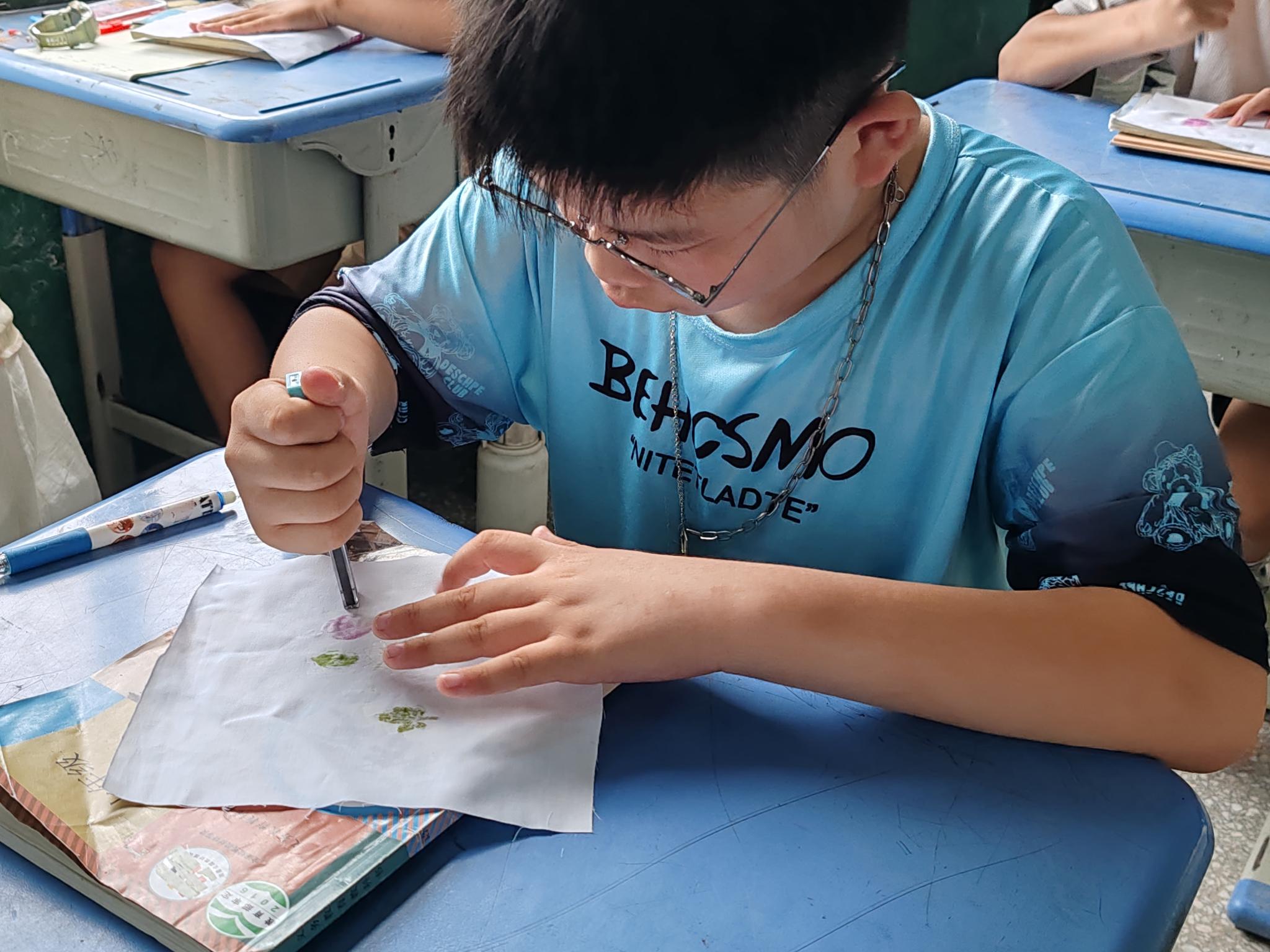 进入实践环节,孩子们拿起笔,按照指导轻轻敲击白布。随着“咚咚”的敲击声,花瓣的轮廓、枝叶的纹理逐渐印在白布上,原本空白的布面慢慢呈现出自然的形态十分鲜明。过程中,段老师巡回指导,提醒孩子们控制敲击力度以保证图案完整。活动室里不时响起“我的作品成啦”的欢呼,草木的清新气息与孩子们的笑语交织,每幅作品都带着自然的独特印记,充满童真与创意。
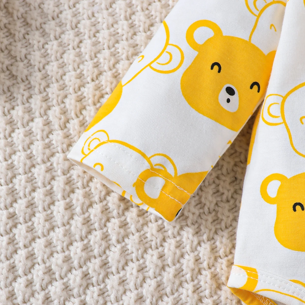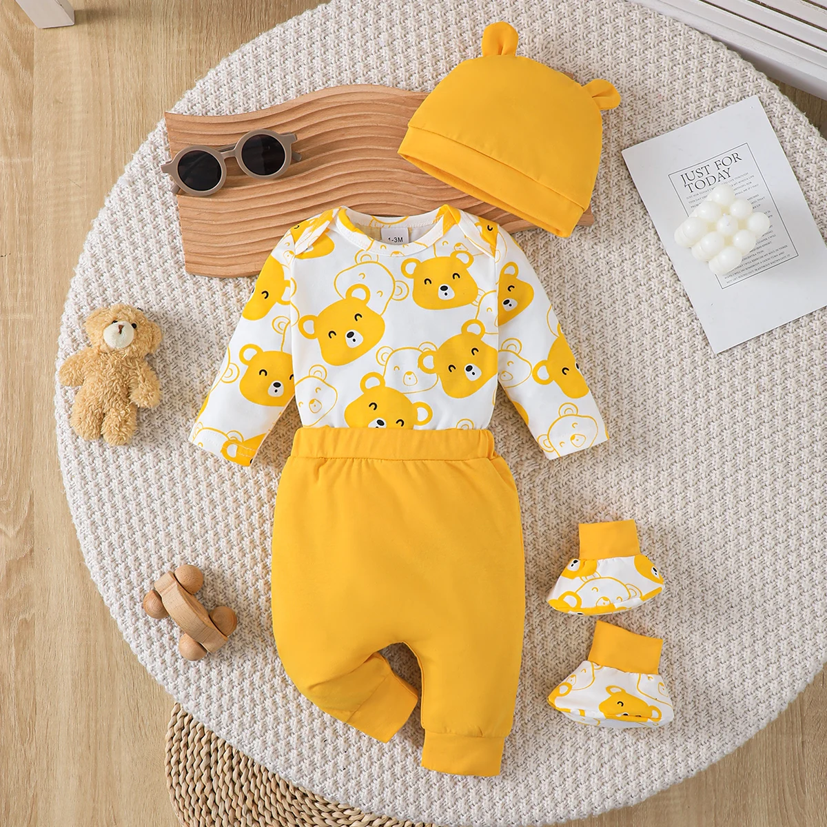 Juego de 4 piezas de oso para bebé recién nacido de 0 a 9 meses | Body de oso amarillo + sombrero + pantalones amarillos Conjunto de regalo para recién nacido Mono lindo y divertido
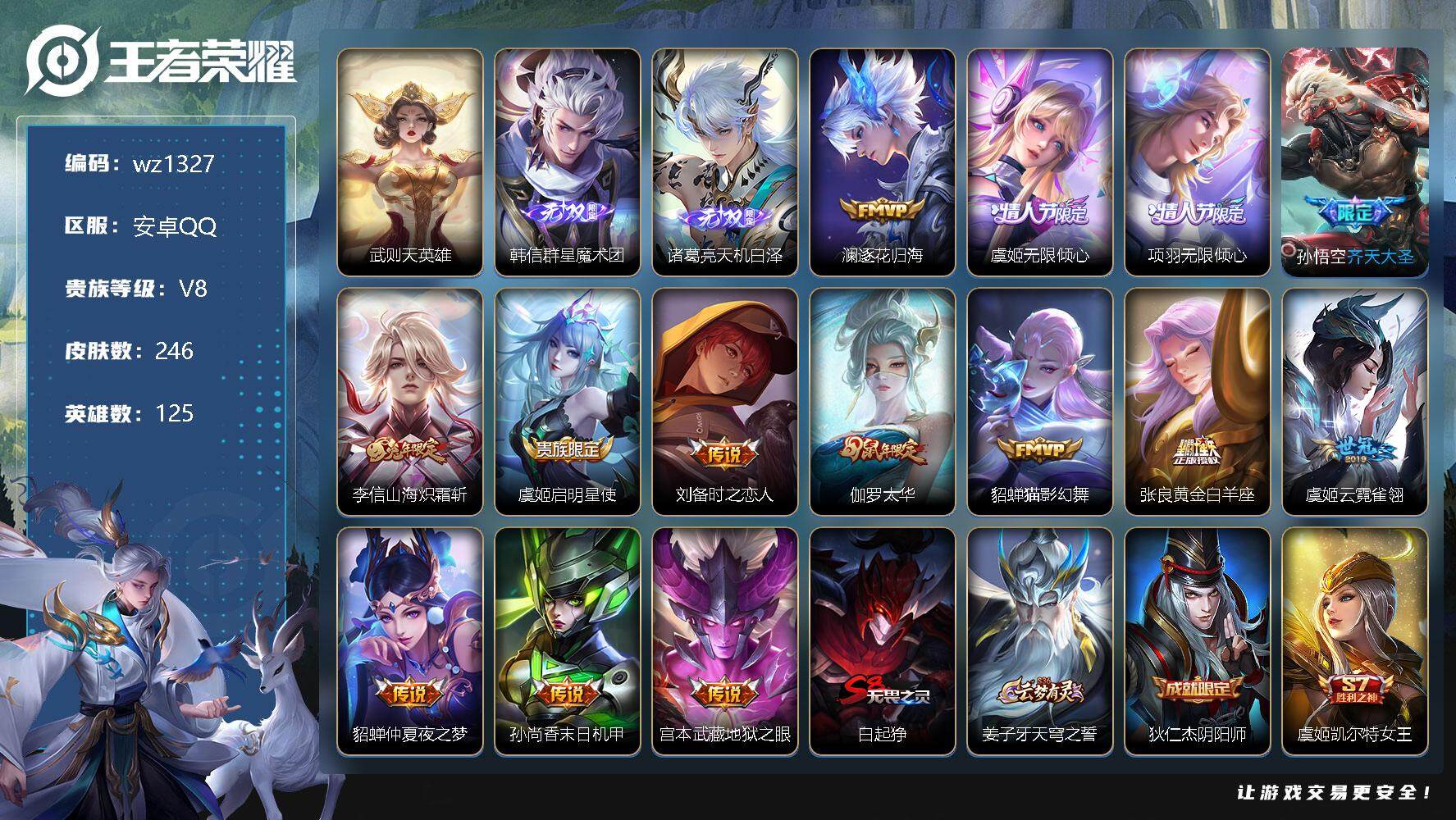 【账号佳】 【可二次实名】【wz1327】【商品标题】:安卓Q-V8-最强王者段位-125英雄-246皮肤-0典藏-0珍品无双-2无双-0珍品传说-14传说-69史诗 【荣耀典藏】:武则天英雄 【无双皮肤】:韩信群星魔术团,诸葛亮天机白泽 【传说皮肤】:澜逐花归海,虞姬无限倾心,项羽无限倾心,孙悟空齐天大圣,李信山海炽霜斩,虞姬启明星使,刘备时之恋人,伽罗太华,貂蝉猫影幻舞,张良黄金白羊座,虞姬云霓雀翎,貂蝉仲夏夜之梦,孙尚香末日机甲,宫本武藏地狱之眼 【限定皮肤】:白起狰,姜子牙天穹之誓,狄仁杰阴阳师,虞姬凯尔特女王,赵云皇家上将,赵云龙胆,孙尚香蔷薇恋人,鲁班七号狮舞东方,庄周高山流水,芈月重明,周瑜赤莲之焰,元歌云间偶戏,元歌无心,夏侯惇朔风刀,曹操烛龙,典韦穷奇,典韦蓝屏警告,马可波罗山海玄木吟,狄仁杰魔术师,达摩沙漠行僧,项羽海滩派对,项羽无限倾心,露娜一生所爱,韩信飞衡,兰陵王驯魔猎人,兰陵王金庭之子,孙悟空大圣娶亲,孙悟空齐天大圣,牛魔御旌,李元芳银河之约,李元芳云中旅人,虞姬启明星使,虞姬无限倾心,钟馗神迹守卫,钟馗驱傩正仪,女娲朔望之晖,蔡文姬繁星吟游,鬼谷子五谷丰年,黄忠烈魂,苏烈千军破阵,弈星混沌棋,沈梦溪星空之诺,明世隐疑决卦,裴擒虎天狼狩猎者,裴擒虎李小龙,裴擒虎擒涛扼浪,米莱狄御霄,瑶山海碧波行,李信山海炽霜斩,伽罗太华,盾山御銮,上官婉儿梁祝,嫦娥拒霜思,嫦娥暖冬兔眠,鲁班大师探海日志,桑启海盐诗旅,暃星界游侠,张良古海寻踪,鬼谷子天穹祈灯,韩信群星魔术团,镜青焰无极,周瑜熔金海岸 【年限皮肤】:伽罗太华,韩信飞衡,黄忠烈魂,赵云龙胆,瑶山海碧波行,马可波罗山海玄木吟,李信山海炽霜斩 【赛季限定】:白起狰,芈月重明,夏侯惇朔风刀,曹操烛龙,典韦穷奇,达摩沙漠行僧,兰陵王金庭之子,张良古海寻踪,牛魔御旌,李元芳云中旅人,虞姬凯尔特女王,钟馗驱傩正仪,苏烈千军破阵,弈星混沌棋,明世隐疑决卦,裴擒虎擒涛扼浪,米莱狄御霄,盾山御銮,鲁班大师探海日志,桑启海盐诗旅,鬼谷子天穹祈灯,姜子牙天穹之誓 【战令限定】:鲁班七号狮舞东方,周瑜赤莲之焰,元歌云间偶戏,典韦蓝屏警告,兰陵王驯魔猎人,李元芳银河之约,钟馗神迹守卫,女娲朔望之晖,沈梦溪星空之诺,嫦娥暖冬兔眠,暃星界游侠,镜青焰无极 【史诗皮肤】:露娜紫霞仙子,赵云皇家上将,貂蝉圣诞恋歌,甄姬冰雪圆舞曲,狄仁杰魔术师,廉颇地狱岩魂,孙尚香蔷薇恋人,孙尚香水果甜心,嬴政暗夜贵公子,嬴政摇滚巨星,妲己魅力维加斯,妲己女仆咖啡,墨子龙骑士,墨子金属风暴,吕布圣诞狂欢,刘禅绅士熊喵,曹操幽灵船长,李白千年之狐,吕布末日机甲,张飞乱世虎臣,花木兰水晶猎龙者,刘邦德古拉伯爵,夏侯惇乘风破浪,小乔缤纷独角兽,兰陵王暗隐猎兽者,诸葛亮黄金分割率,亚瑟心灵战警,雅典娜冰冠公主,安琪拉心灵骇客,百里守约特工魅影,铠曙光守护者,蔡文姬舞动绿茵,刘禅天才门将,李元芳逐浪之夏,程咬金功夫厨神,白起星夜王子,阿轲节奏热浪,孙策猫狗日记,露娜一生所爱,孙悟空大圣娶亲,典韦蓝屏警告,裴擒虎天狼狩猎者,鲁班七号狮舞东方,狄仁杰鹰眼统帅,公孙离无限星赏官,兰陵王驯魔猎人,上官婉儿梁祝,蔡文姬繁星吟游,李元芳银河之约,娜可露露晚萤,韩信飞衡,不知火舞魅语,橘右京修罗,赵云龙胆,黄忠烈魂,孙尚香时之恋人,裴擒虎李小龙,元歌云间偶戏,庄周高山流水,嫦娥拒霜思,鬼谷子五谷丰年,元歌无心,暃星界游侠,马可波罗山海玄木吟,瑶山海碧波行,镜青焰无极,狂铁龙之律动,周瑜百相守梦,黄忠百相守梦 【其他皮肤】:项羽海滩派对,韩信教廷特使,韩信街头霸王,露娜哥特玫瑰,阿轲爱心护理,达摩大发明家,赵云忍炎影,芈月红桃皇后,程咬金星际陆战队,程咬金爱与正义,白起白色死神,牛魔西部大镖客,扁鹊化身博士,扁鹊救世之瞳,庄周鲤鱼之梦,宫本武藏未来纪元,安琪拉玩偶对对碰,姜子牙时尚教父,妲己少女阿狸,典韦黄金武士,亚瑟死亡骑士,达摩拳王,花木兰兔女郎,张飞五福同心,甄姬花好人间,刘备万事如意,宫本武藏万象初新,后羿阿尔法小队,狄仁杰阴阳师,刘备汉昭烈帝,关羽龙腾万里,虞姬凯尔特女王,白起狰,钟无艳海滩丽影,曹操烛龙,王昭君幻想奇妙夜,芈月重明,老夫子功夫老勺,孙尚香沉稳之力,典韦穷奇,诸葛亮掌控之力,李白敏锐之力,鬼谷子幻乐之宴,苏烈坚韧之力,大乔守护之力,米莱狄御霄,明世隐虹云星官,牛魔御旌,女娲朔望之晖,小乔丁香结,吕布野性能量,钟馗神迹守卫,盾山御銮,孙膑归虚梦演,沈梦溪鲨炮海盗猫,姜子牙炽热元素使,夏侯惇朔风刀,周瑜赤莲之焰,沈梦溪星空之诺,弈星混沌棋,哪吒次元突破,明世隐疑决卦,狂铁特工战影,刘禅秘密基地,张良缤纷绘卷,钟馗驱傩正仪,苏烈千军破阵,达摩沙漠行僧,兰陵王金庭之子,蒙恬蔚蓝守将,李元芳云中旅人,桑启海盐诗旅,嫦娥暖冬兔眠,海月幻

**********

Could the data above be returned in full, exactly, with every image left out?

 进入实践环节,孩子们拿起笔,按照指导轻轻敲击白布。随着“咚咚”的敲击声,花瓣的轮廓、枝叶的纹理逐渐印在白布上,原本空白的布面慢慢呈现出自然的形态十分鲜明。过程中,段老师巡回指导,提醒孩子们控制敲击力度以保证图案完整。活动室里不时响起“我的作品成啦”的欢呼,草木的清新气息与孩子们的笑语交织,每幅作品都带着自然的独特印记,充满童真与创意。
 Juego de 4 piezas de oso para bebé recién nacido de 0 a 9 meses | Body de oso amarillo + sombrero + pantalones amarillos Conjunto de regalo para recién nacido Mono lindo y divertido
 【账号佳】 【可二次实名】【wz1327】【商品标题】:安卓Q-V8-最强王者段位-125英雄-246皮肤-0典藏-0珍品无双-2无双-0珍品传说-14传说-69史诗 【荣耀典藏】:武则天英雄 【无双皮肤】:韩信群星魔术团,诸葛亮天机白泽 【传说皮肤】:澜逐花归海,虞姬无限倾心,项羽无限倾心,孙悟空齐天大圣,李信山海炽霜斩,虞姬启明星使,刘备时之恋人,伽罗太华,貂蝉猫影幻舞,张良黄金白羊座,虞姬云霓雀翎,貂蝉仲夏夜之梦,孙尚香末日机甲,宫本武藏地狱之眼 【限定皮肤】:白起狰,姜子牙天穹之誓,狄仁杰阴阳师,虞姬凯尔特女王,赵云皇家上将,赵云龙胆,孙尚香蔷薇恋人,鲁班七号狮舞东方,庄周高山流水,芈月重明,周瑜赤莲之焰,元歌云间偶戏,元歌无心,夏侯惇朔风刀,曹操烛龙,典韦穷奇,典韦蓝屏警告,马可波罗山海玄木吟,狄仁杰魔术师,达摩沙漠行僧,项羽海滩派对,项羽无限倾心,露娜一生所爱,韩信飞衡,兰陵王驯魔猎人,兰陵王金庭之子,孙悟空大圣娶亲,孙悟空齐天大圣,牛魔御旌,李元芳银河之约,李元芳云中旅人,虞姬启明星使,虞姬无限倾心,钟馗神迹守卫,钟馗驱傩正仪,女娲朔望之晖,蔡文姬繁星吟游,鬼谷子五谷丰年,黄忠烈魂,苏烈千军破阵,弈星混沌棋,沈梦溪星空之诺,明世隐疑决卦,裴擒虎天狼狩猎者,裴擒虎李小龙,裴擒虎擒涛扼浪,米莱狄御霄,瑶山海碧波行,李信山海炽霜斩,伽罗太华,盾山御銮,上官婉儿梁祝,嫦娥拒霜思,嫦娥暖冬兔眠,鲁班大师探海日志,桑启海盐诗旅,暃星界游侠,张良古海寻踪,鬼谷子天穹祈灯,韩信群星魔术团,镜青焰无极,周瑜熔金海岸 【年限皮肤】:伽罗太华,韩信飞衡,黄忠烈魂,赵云龙胆,瑶山海碧波行,马可波罗山海玄木吟,李信山海炽霜斩 【赛季限定】:白起狰,芈月重明,夏侯惇朔风刀,曹操烛龙,典韦穷奇,达摩沙漠行僧,兰陵王金庭之子,张良古海寻踪,牛魔御旌,李元芳云中旅人,虞姬凯尔特女王,钟馗驱傩正仪,苏烈千军破阵,弈星混沌棋,明世隐疑决卦,裴擒虎擒涛扼浪,米莱狄御霄,盾山御銮,鲁班大师探海日志,桑启海盐诗旅,鬼谷子天穹祈灯,姜子牙天穹之誓 【战令限定】:鲁班七号狮舞东方,周瑜赤莲之焰,元歌云间偶戏,典韦蓝屏警告,兰陵王驯魔猎人,李元芳银河之约,钟馗神迹守卫,女娲朔望之晖,沈梦溪星空之诺,嫦娥暖冬兔眠,暃星界游侠,镜青焰无极 【史诗皮肤】:露娜紫霞仙子,赵云皇家上将,貂蝉圣诞恋歌,甄姬冰雪圆舞曲,狄仁杰魔术师,廉颇地狱岩魂,孙尚香蔷薇恋人,孙尚香水果甜心,嬴政暗夜贵公子,嬴政摇滚巨星,妲己魅力维加斯,妲己女仆咖啡,墨子龙骑士,墨子金属风暴,吕布圣诞狂欢,刘禅绅士熊喵,曹操幽灵船长,李白千年之狐,吕布末日机甲,张飞乱世虎臣,花木兰水晶猎龙者,刘邦德古拉伯爵,夏侯惇乘风破浪,小乔缤纷独角兽,兰陵王暗隐猎兽者,诸葛亮黄金分割率,亚瑟心灵战警,雅典娜冰冠公主,安琪拉心灵骇客,百里守约特工魅影,铠曙光守护者,蔡文姬舞动绿茵,刘禅天才门将,李元芳逐浪之夏,程咬金功夫厨神,白起星夜王子,阿轲节奏热浪,孙策猫狗日记,露娜一生所爱,孙悟空大圣娶亲,典韦蓝屏警告,裴擒虎天狼狩猎者,鲁班七号狮舞东方,狄仁杰鹰眼统帅,公孙离无限星赏官,兰陵王驯魔猎人,上官婉儿梁祝,蔡文姬繁星吟游,李元芳银河之约,娜可露露晚萤,韩信飞衡,不知火舞魅语,橘右京修罗,赵云龙胆,黄忠烈魂,孙尚香时之恋人,裴擒虎李小龙,元歌云间偶戏,庄周高山流水,嫦娥拒霜思,鬼谷子五谷丰年,元歌无心,暃星界游侠,马可波罗山海玄木吟,瑶山海碧波行,镜青焰无极,狂铁龙之律动,周瑜百相守梦,黄忠百相守梦 【其他皮肤】:项羽海滩派对,韩信教廷特使,韩信街头霸王,露娜哥特玫瑰,阿轲爱心护理,达摩大发明家,赵云忍炎影,芈月红桃皇后,程咬金星际陆战队,程咬金爱与正义,白起白色死神,牛魔西部大镖客,扁鹊化身博士,扁鹊救世之瞳,庄周鲤鱼之梦,宫本武藏未来纪元,安琪拉玩偶对对碰,姜子牙时尚教父,妲己少女阿狸,典韦黄金武士,亚瑟死亡骑士,达摩拳王,花木兰兔女郎,张飞五福同心,甄姬花好人间,刘备万事如意,宫本武藏万象初新,后羿阿尔法小队,狄仁杰阴阳师,刘备汉昭烈帝,关羽龙腾万里,虞姬凯尔特女王,白起狰,钟无艳海滩丽影,曹操烛龙,王昭君幻想奇妙夜,芈月重明,老夫子功夫老勺,孙尚香沉稳之力,典韦穷奇,诸葛亮掌控之力,李白敏锐之力,鬼谷子幻乐之宴,苏烈坚韧之力,大乔守护之力,米莱狄御霄,明世隐虹云星官,牛魔御旌,女娲朔望之晖,小乔丁香结,吕布野性能量,钟馗神迹守卫,盾山御銮,孙膑归虚梦演,沈梦溪鲨炮海盗猫,姜子牙炽热元素使,夏侯惇朔风刀,周瑜赤莲之焰,沈梦溪星空之诺,弈星混沌棋,哪吒次元突破,明世隐疑决卦,狂铁特工战影,刘禅秘密基地,张良缤纷绘卷,钟馗驱傩正仪,苏烈千军破阵,达摩沙漠行僧,兰陵王金庭之子,蒙恬蔚蓝守将,李元芳云中旅人,桑启海盐诗旅,嫦娥暖冬兔眠,海月幻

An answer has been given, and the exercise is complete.